Credit: Israel Museum, Jerusalem
Credit: Israel Museum, Jerusalem
Jezebel, the queen whose name became synonymous with all things lewd and wicked, probably wielded a fair bit of power in ancient Israel, suggests a stone document seal newly traced to the Biblical "bad girl."
Originally discovered in Israel in 1964, the intricate seal was suspected all along to belong to Queen Jezebel, but confusion over the letters engraved on the stone left some uncertainty. Recently, closer scrutiny of the seal's engraving revealed markings characteristic of royal objects.
"The lion-sphinx with female head and female Isis-Hathor crown, which is unique, this clearly points to a queen," said Marjo Korpel, an Old Testament scholar at the University of Utrecht who conducted the research.
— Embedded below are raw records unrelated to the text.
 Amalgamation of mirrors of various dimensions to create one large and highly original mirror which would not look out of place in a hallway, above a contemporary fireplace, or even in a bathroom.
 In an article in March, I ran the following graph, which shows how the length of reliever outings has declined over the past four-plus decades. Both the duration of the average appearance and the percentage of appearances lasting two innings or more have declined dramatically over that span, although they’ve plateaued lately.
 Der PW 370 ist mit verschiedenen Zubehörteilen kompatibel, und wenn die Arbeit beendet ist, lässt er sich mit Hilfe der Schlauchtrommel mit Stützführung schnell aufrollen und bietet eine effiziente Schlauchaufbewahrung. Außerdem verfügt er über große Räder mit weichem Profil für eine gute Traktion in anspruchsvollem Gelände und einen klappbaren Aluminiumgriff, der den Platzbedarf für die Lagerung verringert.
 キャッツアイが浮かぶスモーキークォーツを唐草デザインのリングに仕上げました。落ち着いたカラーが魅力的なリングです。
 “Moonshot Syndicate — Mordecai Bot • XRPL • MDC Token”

The seal confirms that Jezebel, who eventually met a gory demise, was a powerful figure in the ancient world who conducted business independent of her husband.
Complete results of the University of Utrecht study are published in a recent volume of the Journal for Semitics.
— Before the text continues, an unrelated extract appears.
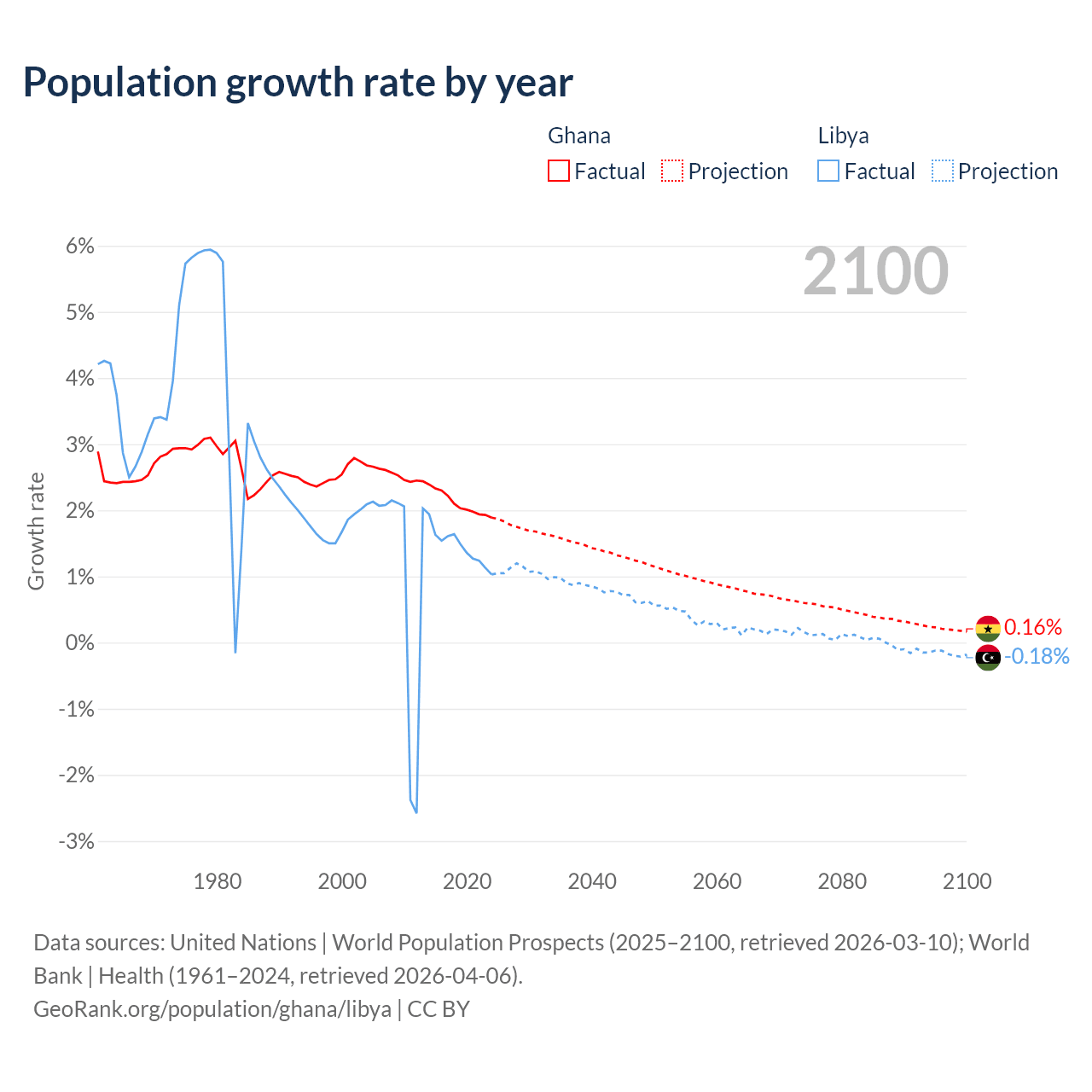 - For the last 10 years, Ghana has had an average growth rate of +2.1% per year vs +1.44% in Libya.

Royal symbols borrowed from Egypt
Jezebel, whose life in the 9th century B.C. is chronicled in the Bible, was married to King Ahab of Israel. As a Phoenician, the Queen was considered pagan and attempted to sway the people of Israel to abandon their God and accept her chief deity Baal, partly through forging her husband's seal on documents, according to the scriptures.
The Bible says nothing of her own seal, but archaeologists have long believed that the stone discovered in 1964 was Jezebel's, despite the ambiguity of the symbols and the name depicted on it.
Multiple icons on the seal, as well as its above-average size, indicate that it belonged to a queen, the recent investigations concluded.
"The lotus (below the Horus falcon) was a symbol of gender definition and refers to a female owner," Korpel told LiveScience, "[while] the winged sun disk was a well-known symbol of royalty in and outside Israel."
Other symbols on the seal also reinforce the connection to a monarch, such as the Horus and double-cobra, a figure probably adopted from Egypt, she said.
A misspelling of the name "yzbl"—the queen's moniker in ancient Hebrew—also had archaeologists confused. However, by comparing the seal to similar examples from the time, Korpel found that an upper edge that had broken off likely contained the two missing letters that would have correctly spelled Jezebel's name.
Pagan queen had power
With her own seal, Queen Jezebel was able to exert a powerful influence upon people around her, much like the Egyptian queens, Korpel said.
"The biblical texts already prove that she was a powerful woman. The queens in Egypt … all have in common their prominent roles in religion, politics and representational art, and their status as principal wife. This also seems to count for Queen Jezebel," said Korpel.
Unlike Egypt, however, Biblical Israel did not look favorably upon powerful women. Jezebel was ultimately perceived as a threat and foreign idol worshipper, accused of prostitution, murder and sorcery, and tossed from her window to be ravaged by dogs.